While the importance of reliable system logs can't be overestimated, logs only tell part of the story of what is happening on your network. When something out of the ordinary happens, the event is duly logged to the appropriate file, where it waits for a human to notice and take the appropriate action. But logs are valuable only if someone actually reads them. When log files add to the deluge of information that most network administrators already wade through each day, many log files may go unread for days or weeks. This situation is made worse when log files are clogged with irrelevant information. For example, a cry for help from an overburdened mail server can easily be lost if it is surrounded by innocuous entries about failed spam attempts. All too often, logs are used as a resource to figure out "what happened" when systems fail, rather than as a guide to what is happening now.

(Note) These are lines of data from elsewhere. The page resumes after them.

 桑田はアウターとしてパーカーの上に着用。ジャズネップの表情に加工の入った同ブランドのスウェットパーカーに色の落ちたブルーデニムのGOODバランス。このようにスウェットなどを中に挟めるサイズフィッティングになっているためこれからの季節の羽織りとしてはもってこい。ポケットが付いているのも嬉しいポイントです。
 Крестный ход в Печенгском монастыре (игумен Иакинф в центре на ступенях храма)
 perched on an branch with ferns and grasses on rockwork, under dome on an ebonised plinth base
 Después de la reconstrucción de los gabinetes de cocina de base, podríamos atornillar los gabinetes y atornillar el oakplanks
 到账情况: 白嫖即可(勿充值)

Another important aspect of log entries is that they only provide a "spot check" of your system at a particular moment. Without a history of what normal performance looks like, it can be difficult to tell the difference between ordinary network traffic, a DoS attack, and a visitation from Slashdot readers. While you can easily build a report on how many times the /var partition filled up, how can you easily know what usage looks like over time? Is the mail spool clogged due to one inconsiderate user, or is it part of an attack by an adversary? Or is it simply a general trend that is the result of trying to serve too many users on too small a disk?

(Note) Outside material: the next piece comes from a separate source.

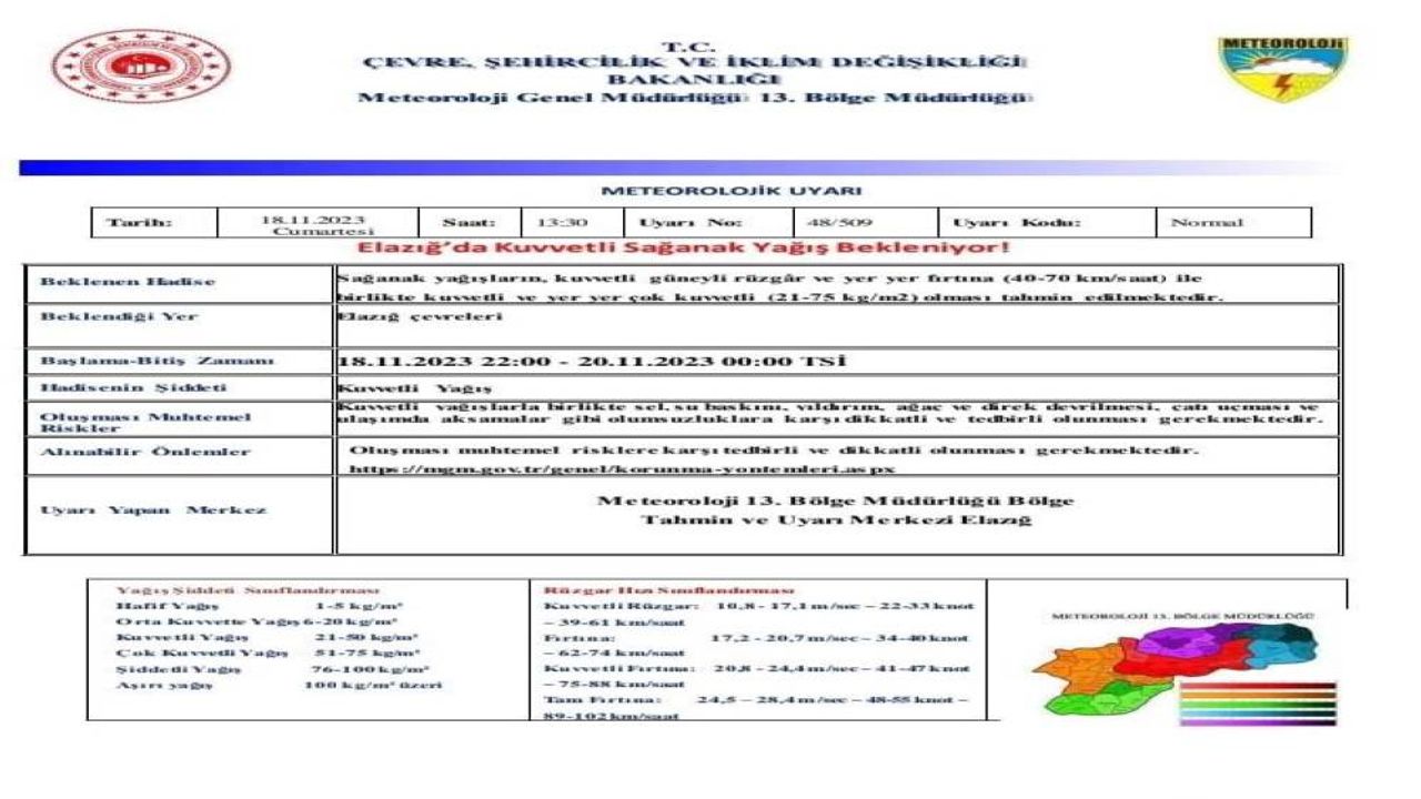 Meteoroloji 13. Bölge Müdürlüğü Bölge Uyarı ve Tahmin Merkezi, Elazığ ve çevresi ile Tunceli için sağanak yağış uyarısında bulundu. Açıklamada, kuvvetli yağışlarla birlikte sel, su baskını, yıldırım, ağaç ve direk devrilmesi, çatı uçması ve ulaşımda aksamalar gibi olumsuzluklara karşı vatandaşların dikkatli ve tedbirli olmaları istendi.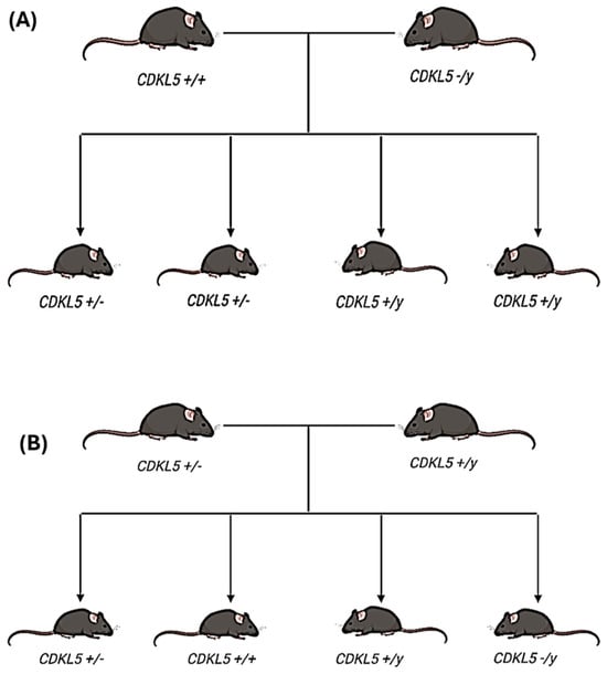Breeding scheme used to develop the initial experimental colony (A) and CDKL5 experimental mice (B). (A) The offspring produced from breeding wild-type (WT) female mice (CDKL5 +/+) with knock-out (KO) male mice (CDKL5 −/y) result in a 50% heterozygous female (Het) (CDKL5 +/−) and a 50% WT male mice (CDKL5 +/y) population. (B) A WT male mouse (CDKL5 +/y) is bred with Het female mice (CDKL5 +/−). The offspring produced by the breeding scheme include WT female (CDKL5 +/+), WT male (CDKL5 +/y), Het female (CDKL5 +/−), and KO male (CDKL5 −/y); each offspring has equal probability.

This chapter describes a number of methods for tracking the availability of services and resources over time. Rather than having to watch system logs manually, it is usually far better to have the systems notify you when there is a problem?and only when there is a problem. There are also a number of suggestions about how to recognize trends in your network traffic by monitoring flows and plotting the results on a graph. Sure, you may know what your average outbound Internet traffic looks like, but how much of that traffic is made up of HTTP versus SMTP? You may know roughly how much is being used by each server on your network, but what if you want to break the traffic down by protocol? The hacks in this chapter will show you how.